Translated from the French by Nick Caistor.
Ever since my novel appeared, whenever I meet the public I am asked how much of it is true. Did I really correspond with Nadia Comăneci?
This demand that fiction declare its identity (true or false) is worrying, at a time when the word ‘reality’ is applied to TV programmes in which anonymous people pretend to live their lives in front of the cameras, transforming them into a fiction in which they are the characters.
The foreword I added to The Little Communist made it plain that: ‘The Little Communist Who Never Smiled does not claim to be a historical reconstruction of Nadia Comăneci’s life. Although I have respected dates, places and public events, beyond this I have chosen to fill in the silences of history and those of the heroine with traces of the many hypotheses and bootleg versions of that vanished world. The dialogue between the narrator of the novel and the gymnast is a dream, a fiction, a way of restoring sound to the almost silent film that constituted Nadia C’s journey between 1969 and 1990.’
This dialogue between the gymnast and the narrator, a kind of western ‘Candide’ who undertakes a description of Nadia C’s journey because she has valid doubts about the official versions, was not always in the book. The first version of my text circled around the gymnast’s magical body in the same state of amazement as that of thousands of people since her appearance at the Montreal Olympics in 1976. The subject of the novel was herself majestically silent. I then became convinced of the need to create a space for the voice of this body whose opinion was never asked. The character of the gymnast needed to be able to reply to the narrator, to chip away at her omnipotence in the same way one hopes that the voices of all those men and women who lived under communism will one day be heard in all their complexity, so that the west will cease to be the only narrator of history.
Surrounded by other narrators desperate to limit Comăneci by telling her story on her behalf, the heroine of my novel juggles their diverse rewritings: that of Ceaucescu, of communism in Romania in the 1980s; the frenzied rewriting of the female body by those who never tire of commenting on it and giving it a score – sports, politics and media pundits, from the communist coaches to journalists in the west. And finally, the horizon, which the heroine herself rewrites, scything through space and enlarging it with new expressions: the salto Comăneci, for example.
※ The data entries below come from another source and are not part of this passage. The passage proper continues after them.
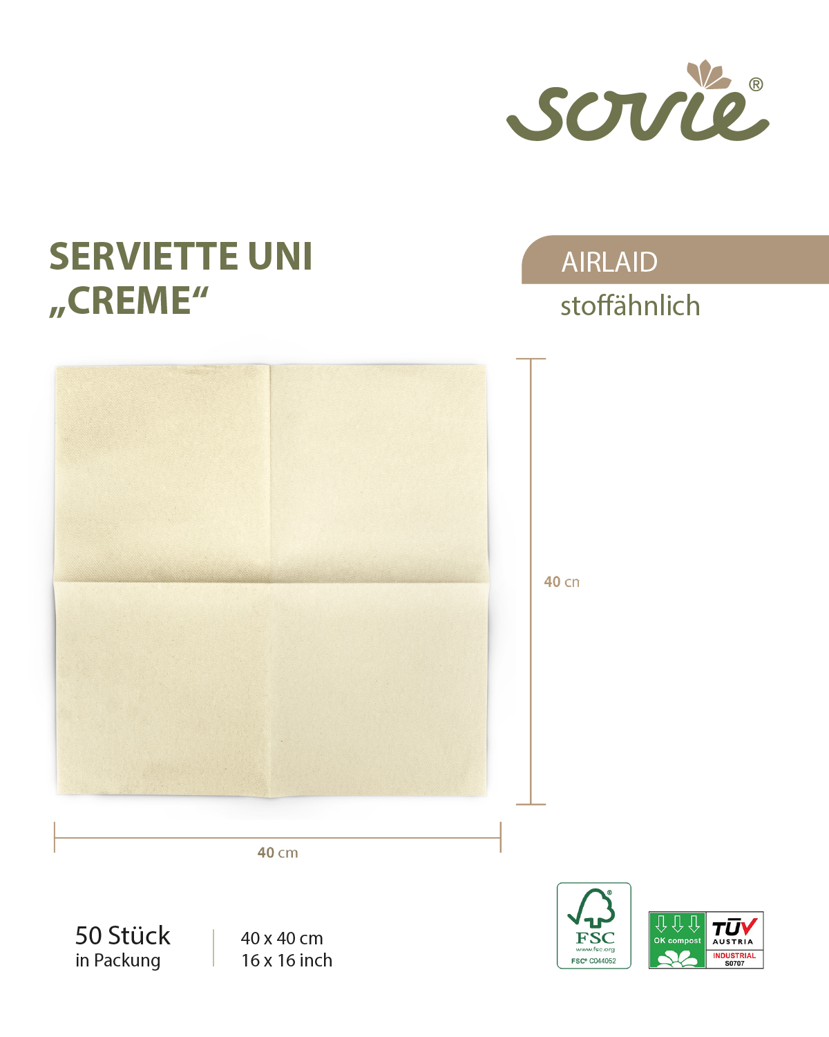 Serviette in Creme aus Softpoint 40 x 40 cm, 2-lagig, 50 Stück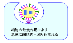 ウイルスは食胞の中に取り込まれます。
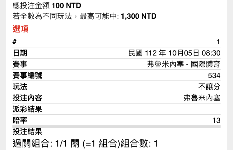 ptttt5566: 賽前客下盤嗎 27.52.220.23 10/05 10:18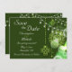 This enchanting Save the Date wedding announcement features a beautiful Celtic design with charming clovers and lights in shades of green and white. It's great for any wedding and perfect for Irish and St. Patrick's Day wedding celebrations. ^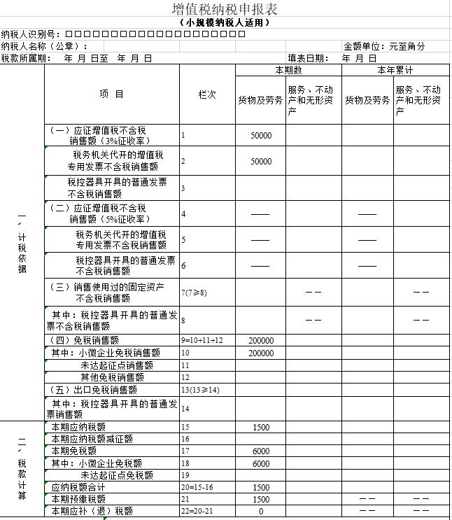 【例1】會(huì)計(jì)頭條有限公司(小規(guī)模納稅人)一季度銷售貨物不含稅務(wù)入50000元,通過(guò)開(kāi)票軟件開(kāi)具增值稅普通發(fā)票,不超過(guò)30萬(wàn)符合小微企業(yè)免征增值稅規(guī)定,應(yīng)填申報(bào)表如下: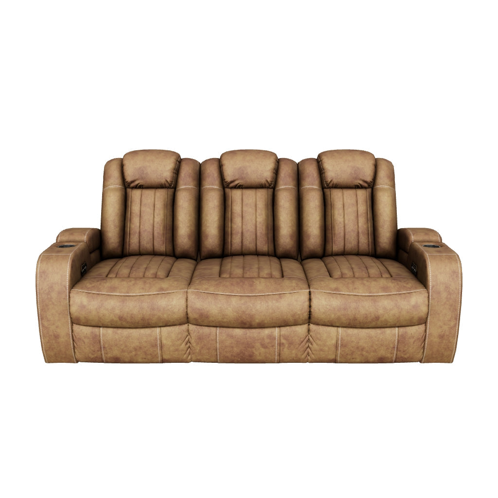 Dual-sided Recliners; middle seat remains stationary;One-touch power control with adjustable positions, Easy View™ adjustable headrest and zero-draw USB port;Zero-draw technology only consumes power when the USB receptacle is in use;Corner-blocked frame with metal reinforced seat;Attached cushions;High-resiliency foam cushions wrapped in thick poly fiber;Faux leather upholstery;Armrests with storage and cup holders;Drop-down table with LED reading lights, dual cup holders, electrical outlet, docking station for wireless charging and 2 USB charging ports;Power cord included; UL Listed,Power Reclining Sofa

With each new book I write, I pose myself this question: at what level of the real do I have to place myself in order to write it? This novel perhaps illustrates the impossible task of writing a ‘true’ biography, when one is caught between personal accounts (who to believe?), the false promise of the trustworthiness of historical documents, and versions of the same event that change as one travels from east to west.
The fiction I like balks at being restricted to a particular genre. In The Little Communist several forms jostle each other: narrative fiction; a questioning of archives; real political statements, fake correspondences and subjective memories from the communist Romania where I grew up. The career of Nadia Comăneci – one of the last non-sexualised media images of a young girl sanctified by a west in search of a secular angel – inspired the character of Nadia C and this novel, a biography of childhood, or the novel of the writing of a biography.